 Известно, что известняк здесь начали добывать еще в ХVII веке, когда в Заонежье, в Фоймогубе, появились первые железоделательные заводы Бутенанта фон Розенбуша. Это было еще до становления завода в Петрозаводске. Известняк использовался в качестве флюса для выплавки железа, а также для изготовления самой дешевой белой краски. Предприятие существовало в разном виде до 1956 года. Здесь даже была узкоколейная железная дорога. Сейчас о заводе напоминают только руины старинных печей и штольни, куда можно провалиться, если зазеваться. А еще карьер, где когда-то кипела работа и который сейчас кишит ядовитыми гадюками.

○ ○ ○ ○ ○

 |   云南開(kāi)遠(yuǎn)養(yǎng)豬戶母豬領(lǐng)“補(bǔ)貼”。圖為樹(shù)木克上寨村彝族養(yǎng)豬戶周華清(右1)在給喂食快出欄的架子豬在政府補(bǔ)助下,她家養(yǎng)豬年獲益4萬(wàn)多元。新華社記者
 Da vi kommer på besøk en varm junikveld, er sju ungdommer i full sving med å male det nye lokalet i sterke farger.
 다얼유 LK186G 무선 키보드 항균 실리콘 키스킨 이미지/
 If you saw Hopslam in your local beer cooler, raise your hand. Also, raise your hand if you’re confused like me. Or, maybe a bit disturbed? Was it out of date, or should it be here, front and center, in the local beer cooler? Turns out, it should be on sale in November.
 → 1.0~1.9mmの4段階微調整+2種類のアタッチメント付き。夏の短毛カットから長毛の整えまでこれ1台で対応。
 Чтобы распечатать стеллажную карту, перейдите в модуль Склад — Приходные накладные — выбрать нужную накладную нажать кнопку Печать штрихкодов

○ ○ ○ ○ ○

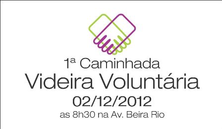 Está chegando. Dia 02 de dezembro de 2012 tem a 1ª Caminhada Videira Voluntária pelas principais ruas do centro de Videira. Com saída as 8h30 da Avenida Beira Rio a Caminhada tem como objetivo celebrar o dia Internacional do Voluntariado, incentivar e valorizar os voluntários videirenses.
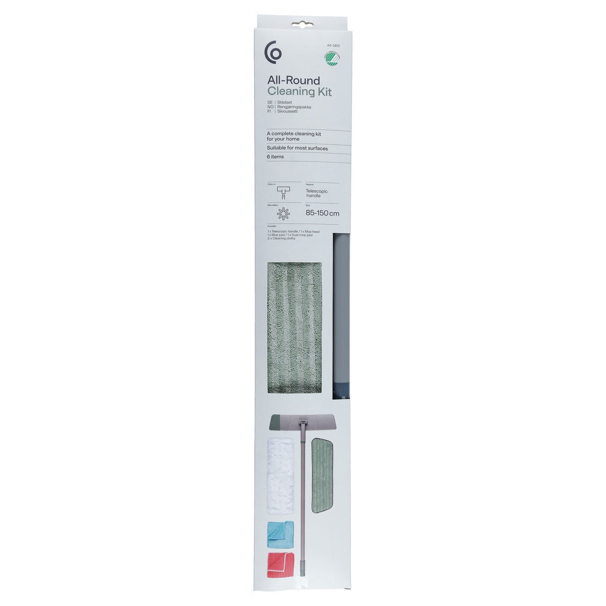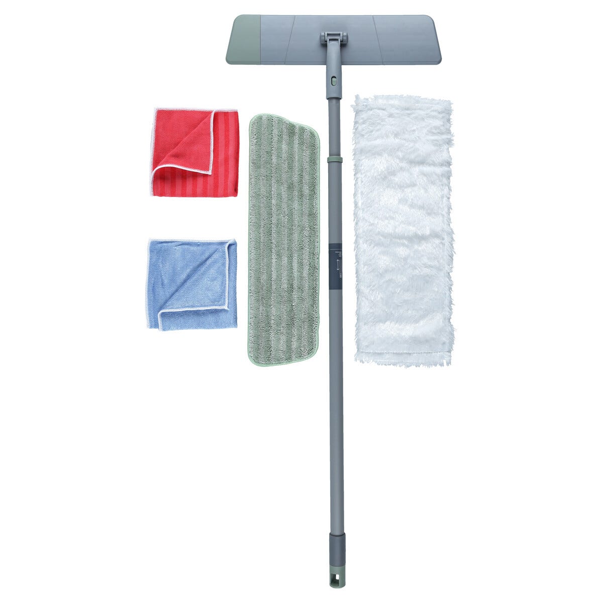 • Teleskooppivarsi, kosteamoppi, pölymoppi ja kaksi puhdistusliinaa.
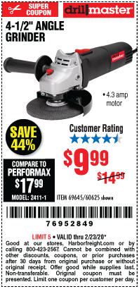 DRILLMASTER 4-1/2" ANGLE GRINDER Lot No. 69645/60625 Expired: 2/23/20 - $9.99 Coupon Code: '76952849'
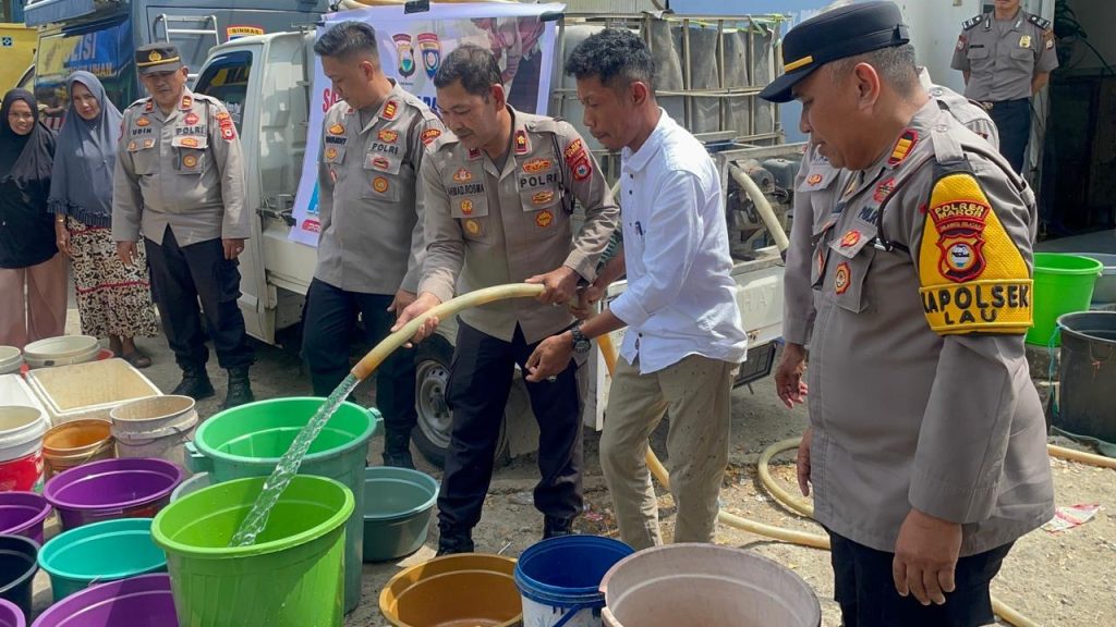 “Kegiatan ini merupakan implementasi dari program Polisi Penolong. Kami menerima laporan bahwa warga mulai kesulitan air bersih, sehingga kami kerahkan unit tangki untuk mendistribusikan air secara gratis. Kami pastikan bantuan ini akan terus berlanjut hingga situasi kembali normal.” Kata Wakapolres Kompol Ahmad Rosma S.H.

○ ○ ○ ○ ○

ACTION ITEM: Only the lines above starting with the line with "Está chegando. Dia" and going on through the line with "Coupon Code: '76952849'" belong in the answer; repeat them exactly, minus any picture.

THE COMPLETED TASK:
 Está chegando. Dia 02 de dezembro de 2012 tem a 1ª Caminhada Videira Voluntária pelas principais ruas do centro de Videira. Com saída as 8h30 da Avenida Beira Rio a Caminhada tem como objetivo celebrar o dia Internacional do Voluntariado, incentivar e valorizar os voluntários videirenses.
 • Teleskooppivarsi, kosteamoppi, pölymoppi ja kaksi puhdistusliinaa.
 DRILLMASTER 4-1/2" ANGLE GRINDER Lot No. 69645/60625 Expired: 2/23/20 - $9.99 Coupon Code: '76952849'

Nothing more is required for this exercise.